(Recorded data)
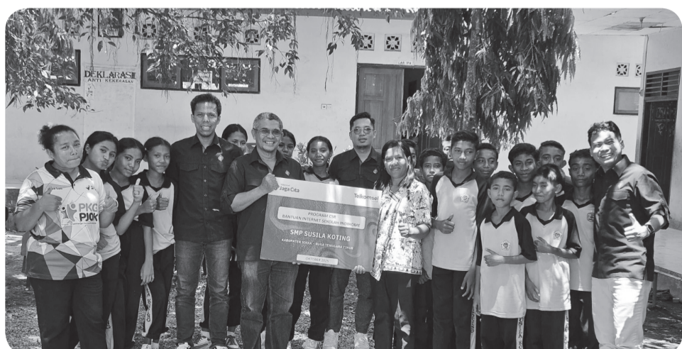
Penyerahan bantuan 111.500 GB kuota internet Telkomsel kepada perwakilan SMP Susila Koting.

BANDUNG (LB) - PT Telkom Indonesia (Persero) Tbk (Telkom) menegaskan komitmennya dalam mendukung pembangunan inklusif dan kedaulatan digital nasional melalui penyaluran 111.500 GB kuota internet Telkom-
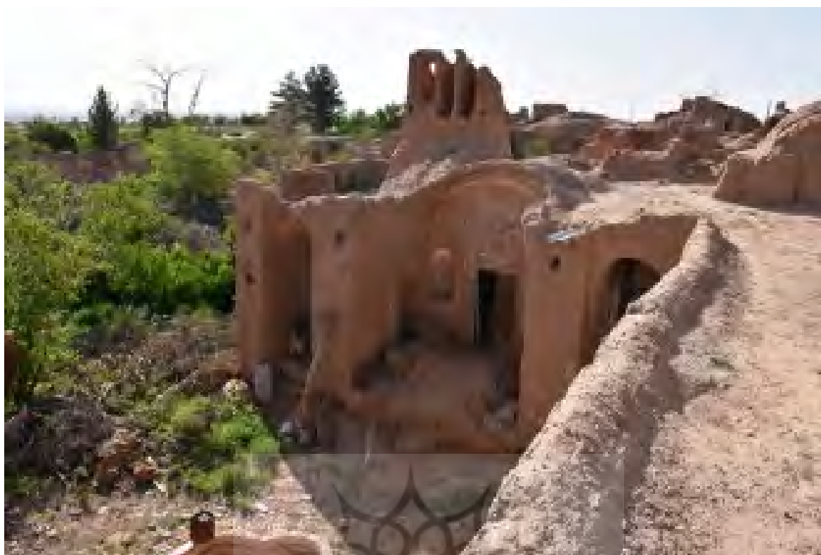
شکل ۱۰. ضلع جنوبی خانه ذبیح‌الله ذبیحی - بافت قدیم روستای دیهوک منبع: (Mahmoodi Nasab, 2018)
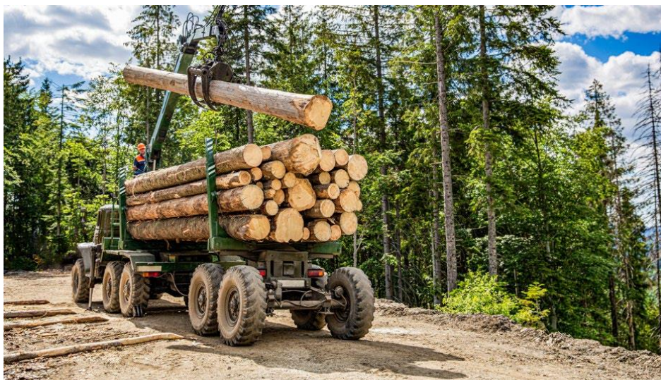
Slika 16. Izvoženje drvnih sortimenata forwarderom

Za privlačenje drvnih trupaca i premještanje drvenih trupaca od mjesta sakupljanja do pomoćnog stovarišta služe šumski zglobni ili adaptirani poljoprivredni traktor s vitlom, dok se izvoženje drvnog materijala vrši forwarderom, slika 16. i traktorskom ekipažom, slika 17., [20].
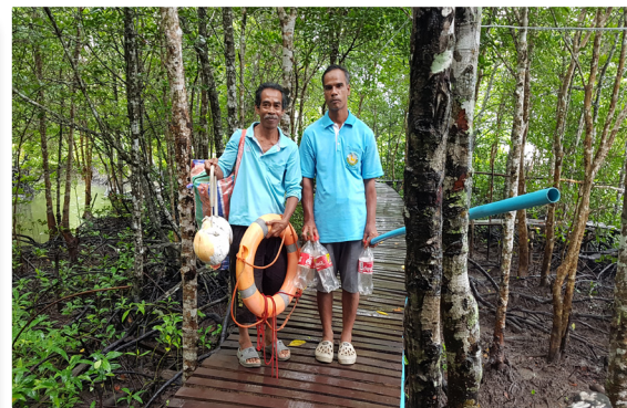
ครูสอนว่ายน้ำในชุมชน

ปี 2557 พัฒนาสู่การมุ่งเน้นให้เด็กมีทักษะการเอาตัวรอด (ตะโกน โยน ยื่น) หลังจากโรงเรียนและชุมชน มีการดำเนินงานเพื่อให้เด็กในชุมชนว่ายน้ำเป็น ในปี 2557 โรงเรียนและชุมชนได้รู้จักแนวคิดเรื่องทักษะการเอาตัวรอดทางน้ำจากศูนย์วิจัยเพื่อสร้างเสริมความปลอดภัยในเด็ก โรงพยาบาลรามาธิบดี จึงเริ่มมีแนวคิดที่จะให้เด็กในชุมชนมีทักษะการเอาตัวรอดทางน้ำ
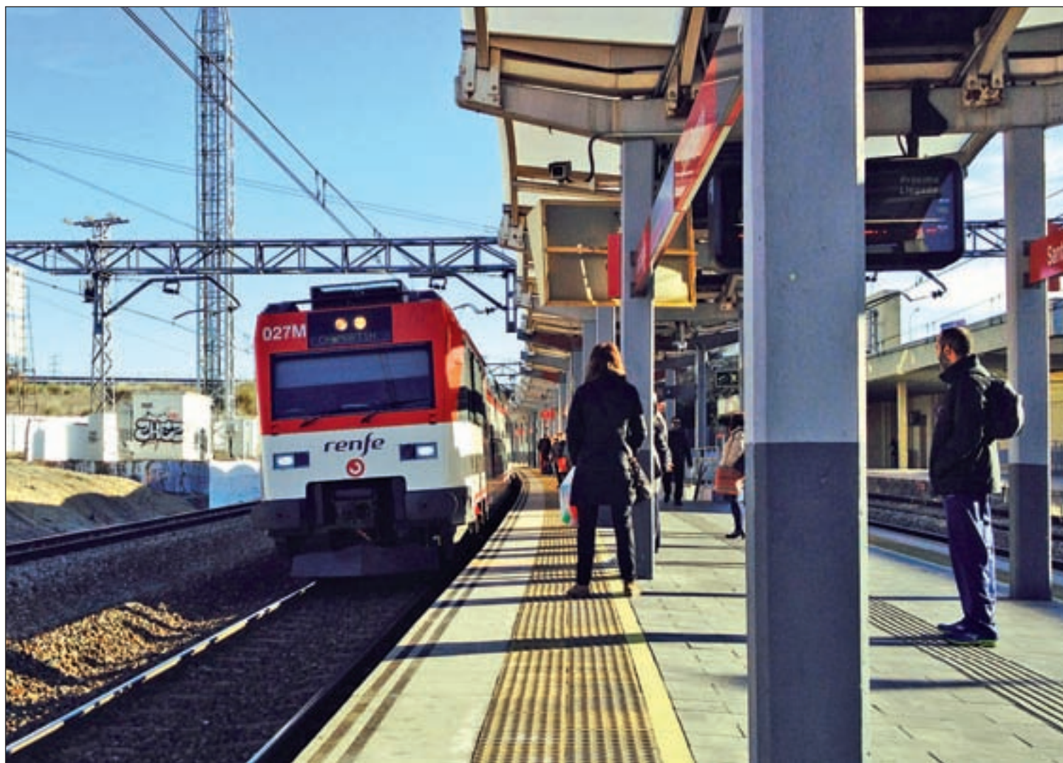
Un tren llega a la estación de Santa Eugenia, donde fallecieron 16 personas en el atentado LUCA JIMÉNEZ

Los barrios de Santa Eugenia y El Pozo del Tío Raimundo serán el escenario de varios actos de homenaje • Una víctima y un trabajador del Polideportivo Daoíz y Velarde recuerdan sus propias experiencias PÁGS. 6 Y 8
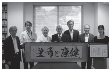
気仙沼医師会長から PHJ へ感謝状を頂く
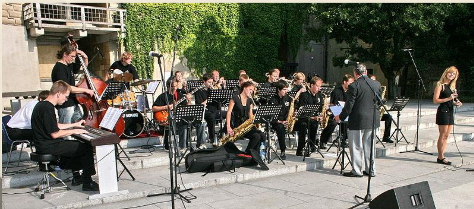
Vystoupení studentů v rámci hudebního festivalu Jazz na Hradě
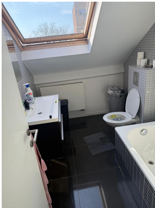
17. SDB 3ème étage
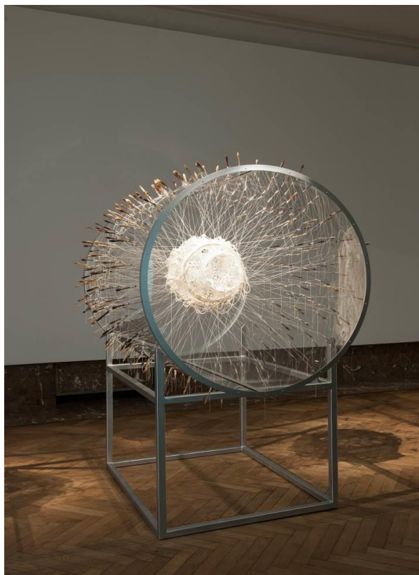
Maarten Vanden Eynde, The Gadget , 2017, Installation view

(Exercise)
Looking at the records above, say how many lines hold the string "kuota". Write nothing but the number.

(Response below)
2